[Records for processing]

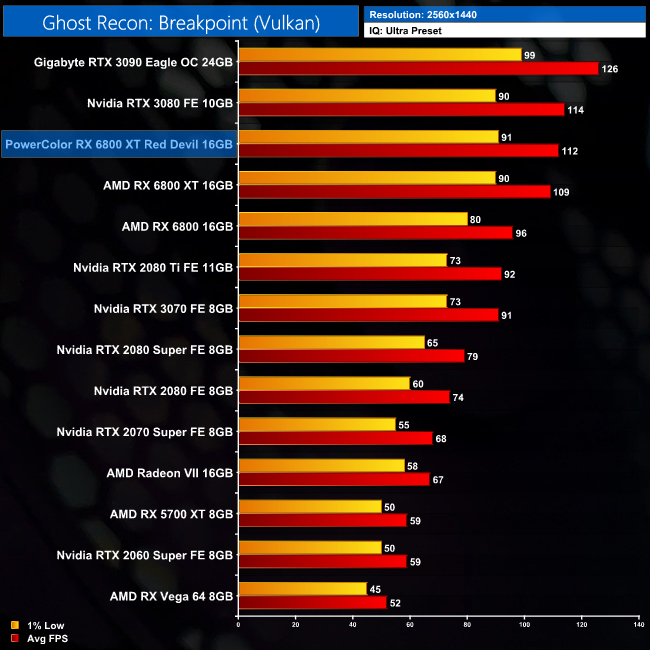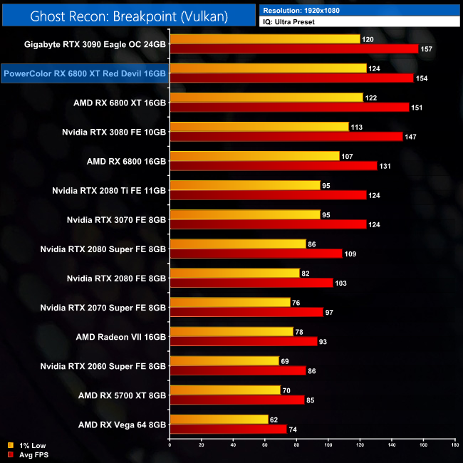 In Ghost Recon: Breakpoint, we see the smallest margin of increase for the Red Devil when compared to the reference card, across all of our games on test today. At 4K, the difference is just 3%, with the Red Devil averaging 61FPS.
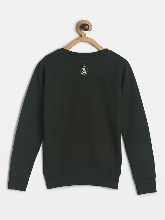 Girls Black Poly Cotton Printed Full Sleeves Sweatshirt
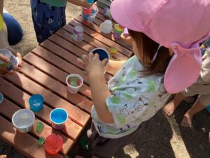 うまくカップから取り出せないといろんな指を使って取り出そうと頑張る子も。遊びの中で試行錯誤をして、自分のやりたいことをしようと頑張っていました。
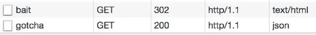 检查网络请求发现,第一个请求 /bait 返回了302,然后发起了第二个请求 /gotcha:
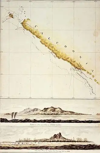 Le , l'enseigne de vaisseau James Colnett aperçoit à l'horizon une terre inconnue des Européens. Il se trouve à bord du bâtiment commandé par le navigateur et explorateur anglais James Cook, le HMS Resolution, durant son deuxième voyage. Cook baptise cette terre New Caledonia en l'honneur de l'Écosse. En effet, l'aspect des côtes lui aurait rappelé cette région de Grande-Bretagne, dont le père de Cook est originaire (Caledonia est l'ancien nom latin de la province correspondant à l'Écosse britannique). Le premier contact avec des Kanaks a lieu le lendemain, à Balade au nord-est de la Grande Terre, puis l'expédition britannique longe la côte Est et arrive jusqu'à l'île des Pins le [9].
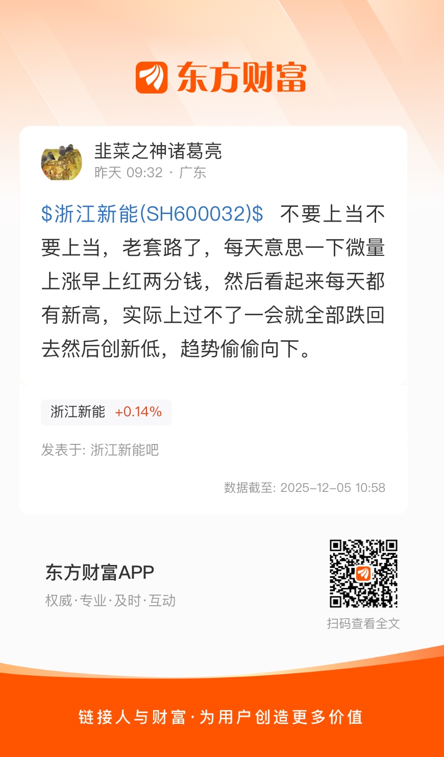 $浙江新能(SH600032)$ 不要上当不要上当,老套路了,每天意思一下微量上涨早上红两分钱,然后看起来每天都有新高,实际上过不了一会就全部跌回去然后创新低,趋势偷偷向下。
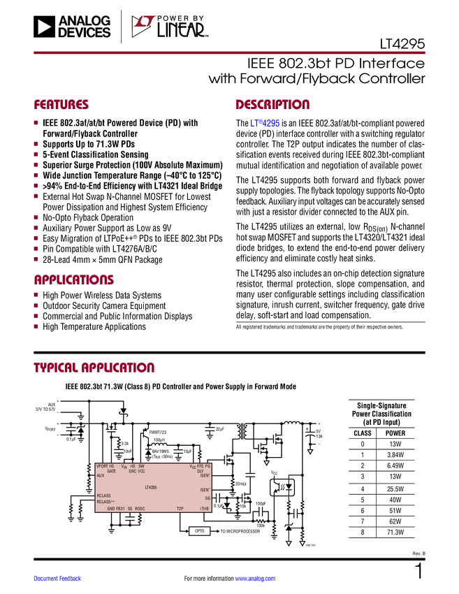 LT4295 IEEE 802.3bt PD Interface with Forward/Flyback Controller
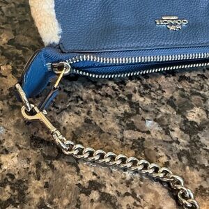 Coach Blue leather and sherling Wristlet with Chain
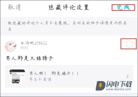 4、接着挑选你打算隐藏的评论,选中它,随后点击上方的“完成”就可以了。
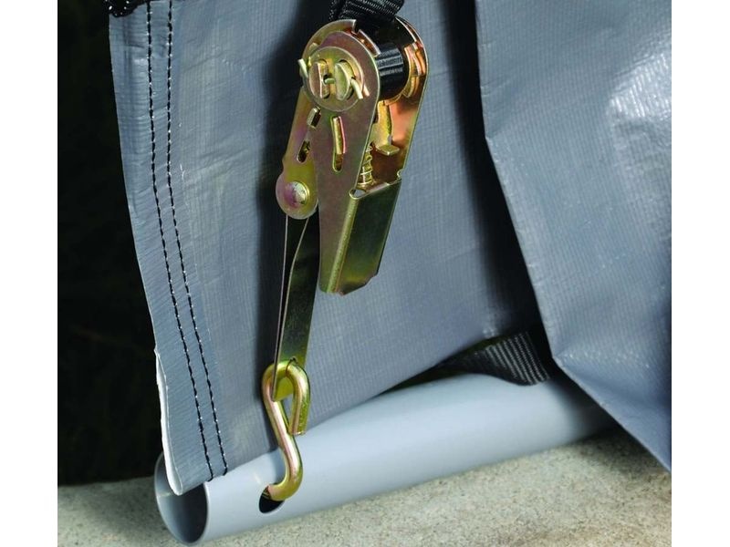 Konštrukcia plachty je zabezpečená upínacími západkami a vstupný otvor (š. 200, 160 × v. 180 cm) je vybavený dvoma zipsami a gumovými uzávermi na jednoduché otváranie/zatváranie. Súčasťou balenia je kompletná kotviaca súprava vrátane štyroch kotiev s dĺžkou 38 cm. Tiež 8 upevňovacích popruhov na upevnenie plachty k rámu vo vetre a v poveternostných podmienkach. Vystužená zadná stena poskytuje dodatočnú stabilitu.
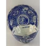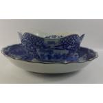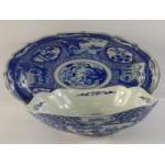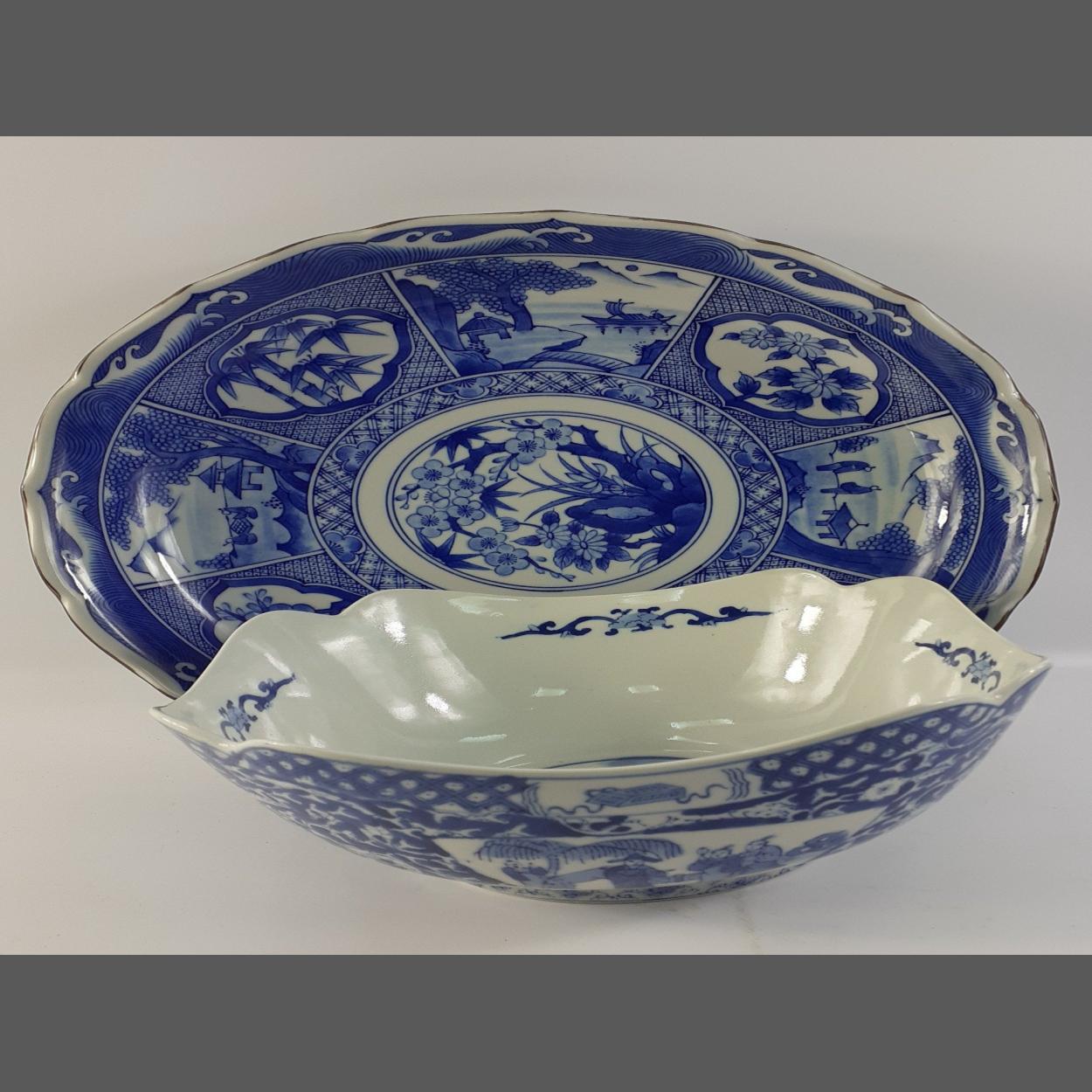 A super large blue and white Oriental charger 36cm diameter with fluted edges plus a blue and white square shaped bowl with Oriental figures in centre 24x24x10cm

[/Records for processing]

### About this exercise
In the copy, leave out all pictures, and retype exactly each line from the one with "Coach Blue leather" through the last line of the entries.

### Task solution
 Coach Blue leather and sherling Wristlet with Chain
 4、接着挑选你打算隐藏的评论,选中它,随后点击上方的“完成”就可以了。
 Konštrukcia plachty je zabezpečená upínacími západkami a vstupný otvor (š. 200, 160 × v. 180 cm) je vybavený dvoma zipsami a gumovými uzávermi na jednoduché otváranie/zatváranie. Súčasťou balenia je kompletná kotviaca súprava vrátane štyroch kotiev s dĺžkou 38 cm. Tiež 8 upevňovacích popruhov na upevnenie plachty k rámu vo vetre a v poveternostných podmienkach. Vystužená zadná stena poskytuje dodatočnú stabilitu.
 A super large blue and white Oriental charger 36cm diameter with fluted edges plus a blue and white square shaped bowl with Oriental figures in centre 24x24x10cm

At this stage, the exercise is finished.